- WHAT IS EXPECTED
With the pictures left out, restate exactly the part below that opens with the line containing "El precio de" and closes with the line containing "Previo a bajar".

- INPUT DATA
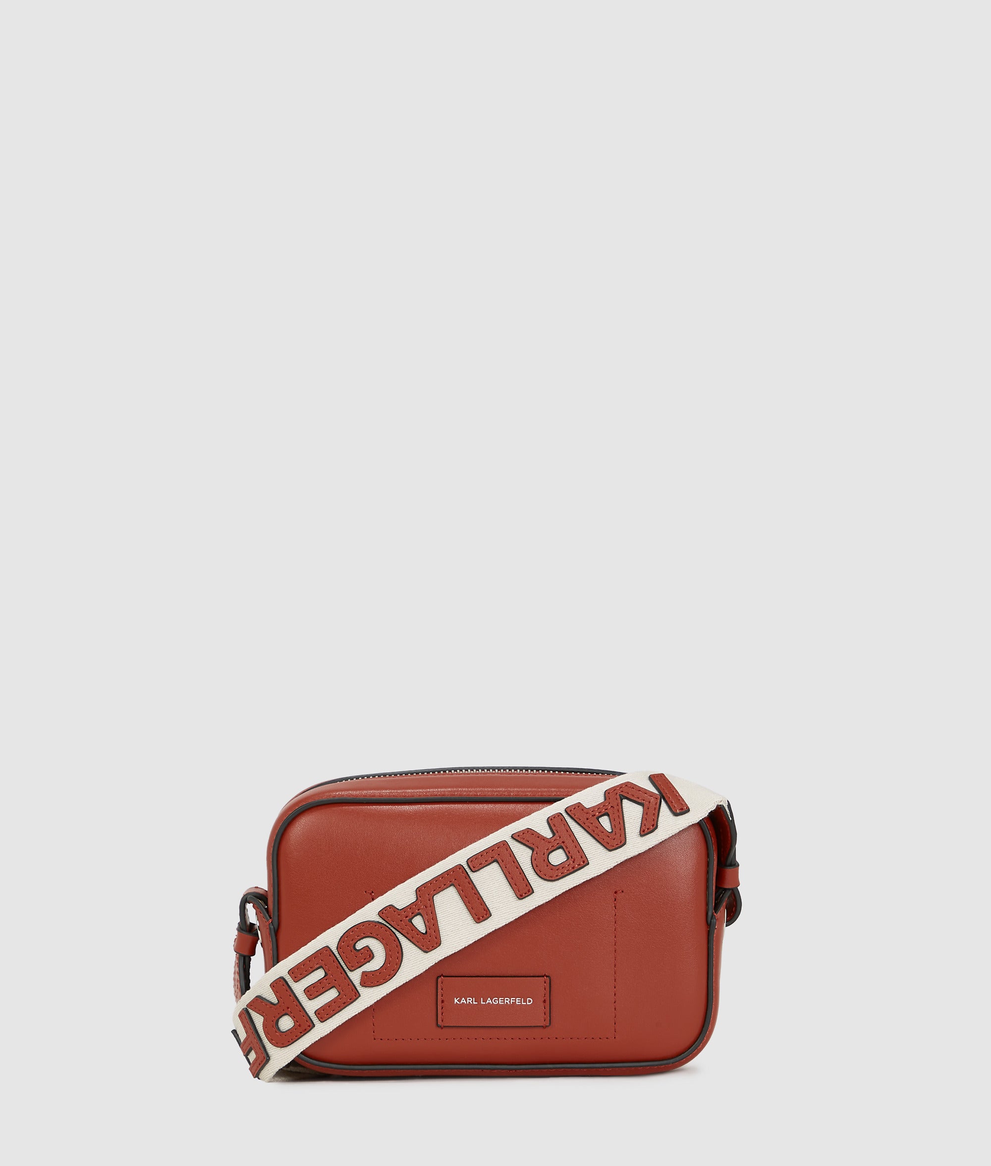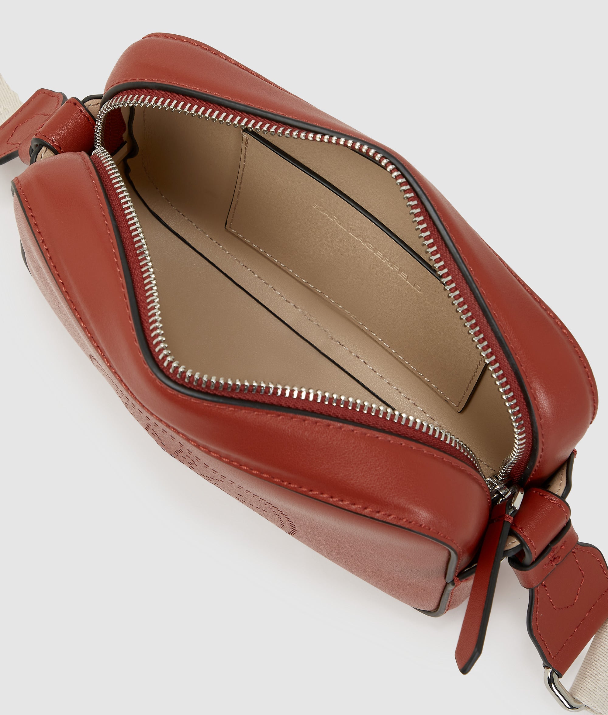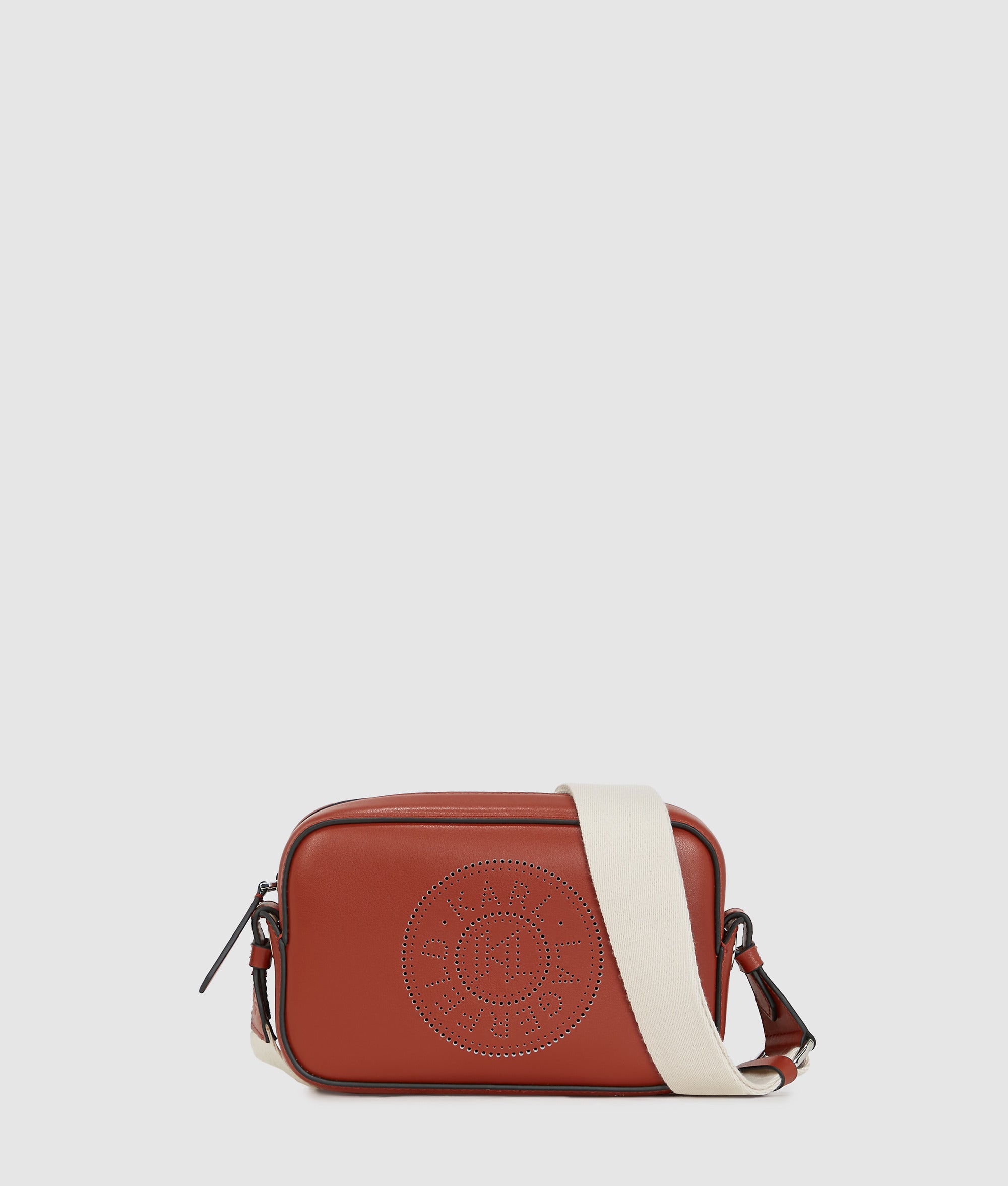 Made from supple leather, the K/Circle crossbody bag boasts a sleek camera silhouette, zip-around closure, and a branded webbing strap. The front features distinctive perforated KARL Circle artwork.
* * *
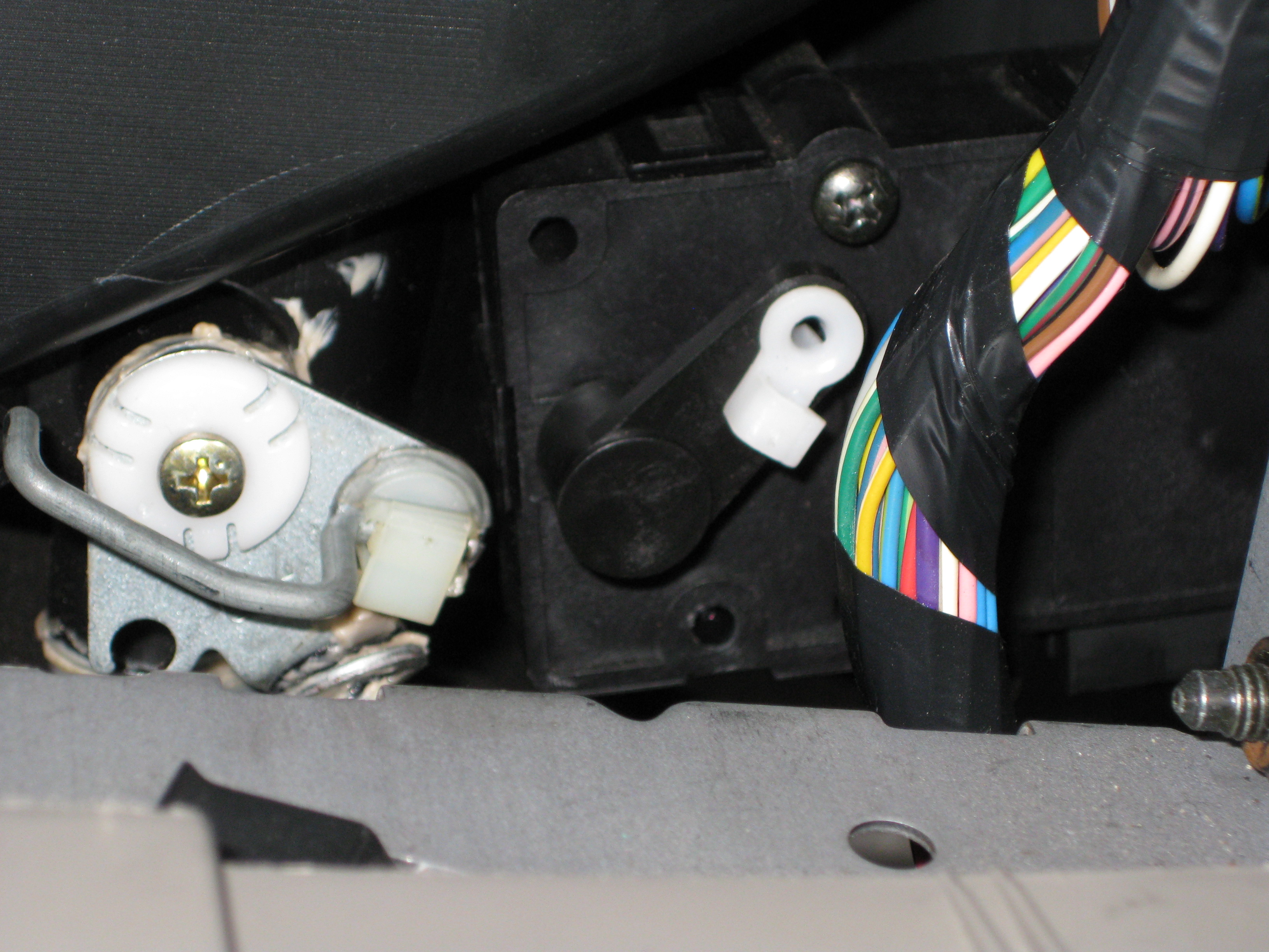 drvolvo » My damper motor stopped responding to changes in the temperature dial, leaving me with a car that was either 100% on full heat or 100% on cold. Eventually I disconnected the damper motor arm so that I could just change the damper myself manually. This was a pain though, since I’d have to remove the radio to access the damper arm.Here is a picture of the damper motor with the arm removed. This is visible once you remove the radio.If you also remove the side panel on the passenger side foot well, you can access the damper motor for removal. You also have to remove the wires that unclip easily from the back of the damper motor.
---
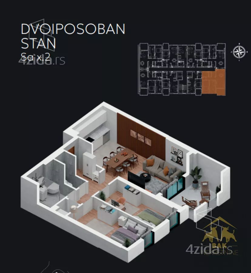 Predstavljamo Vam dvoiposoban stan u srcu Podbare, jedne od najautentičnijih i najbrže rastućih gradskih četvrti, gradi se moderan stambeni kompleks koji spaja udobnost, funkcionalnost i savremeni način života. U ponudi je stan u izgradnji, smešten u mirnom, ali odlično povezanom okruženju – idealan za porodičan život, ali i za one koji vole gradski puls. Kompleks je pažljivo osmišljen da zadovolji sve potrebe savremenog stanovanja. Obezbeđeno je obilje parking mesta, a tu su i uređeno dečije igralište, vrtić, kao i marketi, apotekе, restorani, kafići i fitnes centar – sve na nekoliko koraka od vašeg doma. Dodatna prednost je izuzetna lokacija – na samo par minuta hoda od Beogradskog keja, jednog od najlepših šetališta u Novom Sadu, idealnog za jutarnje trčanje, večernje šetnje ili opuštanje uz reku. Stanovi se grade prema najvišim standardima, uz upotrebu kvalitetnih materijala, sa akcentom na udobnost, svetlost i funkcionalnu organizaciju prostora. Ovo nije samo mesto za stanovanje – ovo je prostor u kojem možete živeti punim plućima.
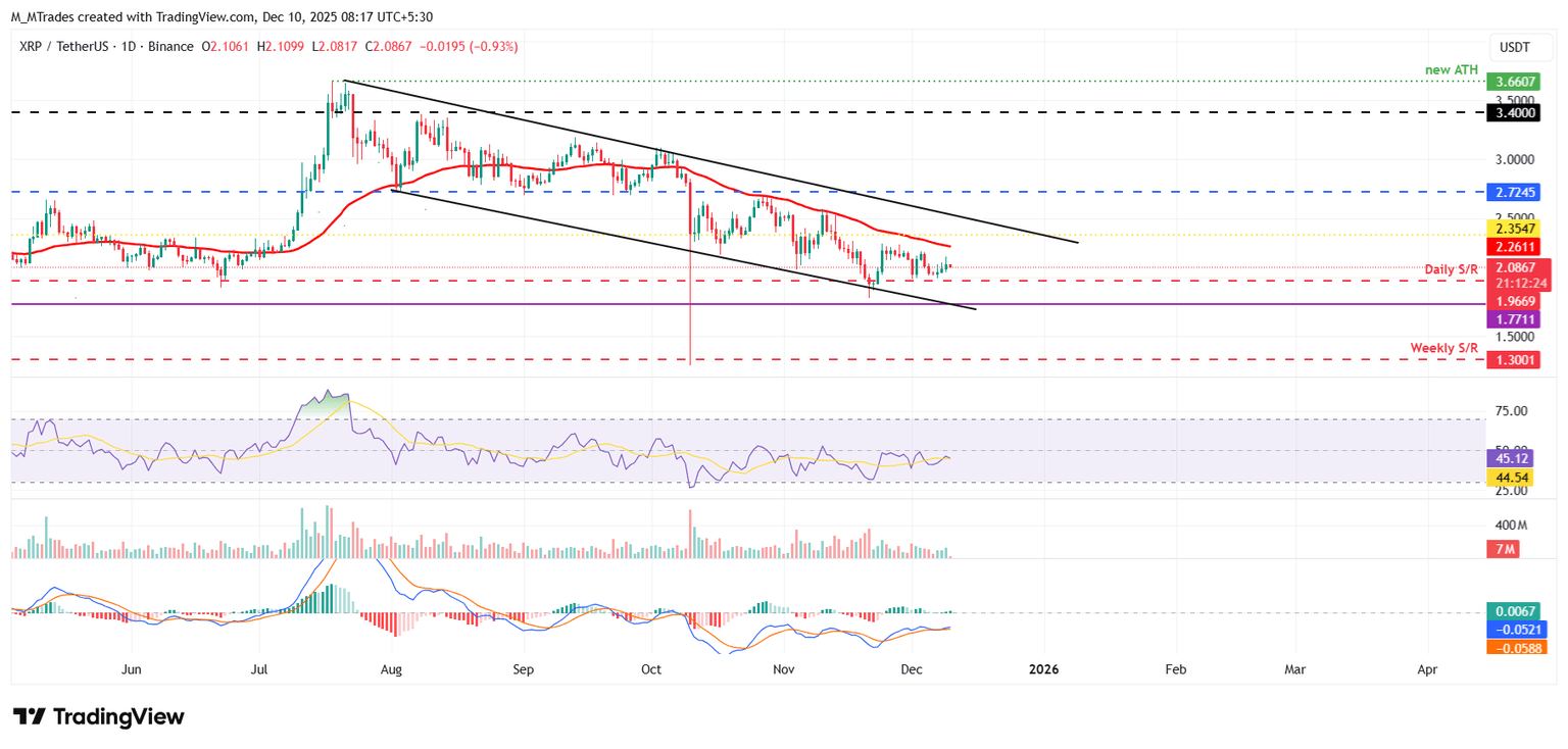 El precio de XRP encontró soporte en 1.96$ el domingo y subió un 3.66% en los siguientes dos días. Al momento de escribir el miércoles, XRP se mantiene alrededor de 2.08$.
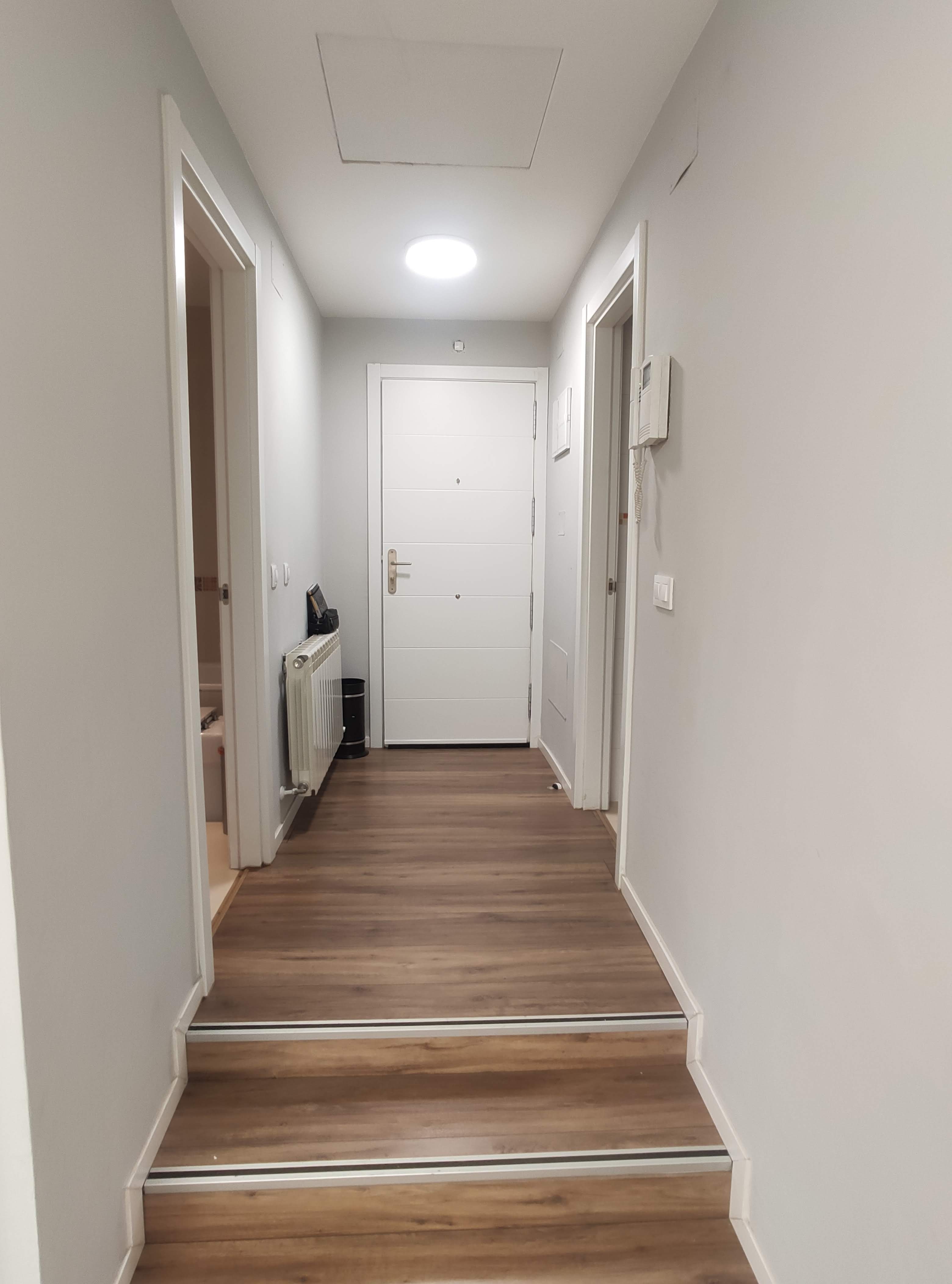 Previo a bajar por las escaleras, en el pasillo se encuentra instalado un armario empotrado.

- TASK RESPONSE
 El precio de XRP encontró soporte en 1.96$ el domingo y subió un 3.66% en los siguientes dos días. Al momento de escribir el miércoles, XRP se mantiene alrededor de 2.08$.
 Previo a bajar por las escaleras, en el pasillo se encuentra instalado un armario empotrado.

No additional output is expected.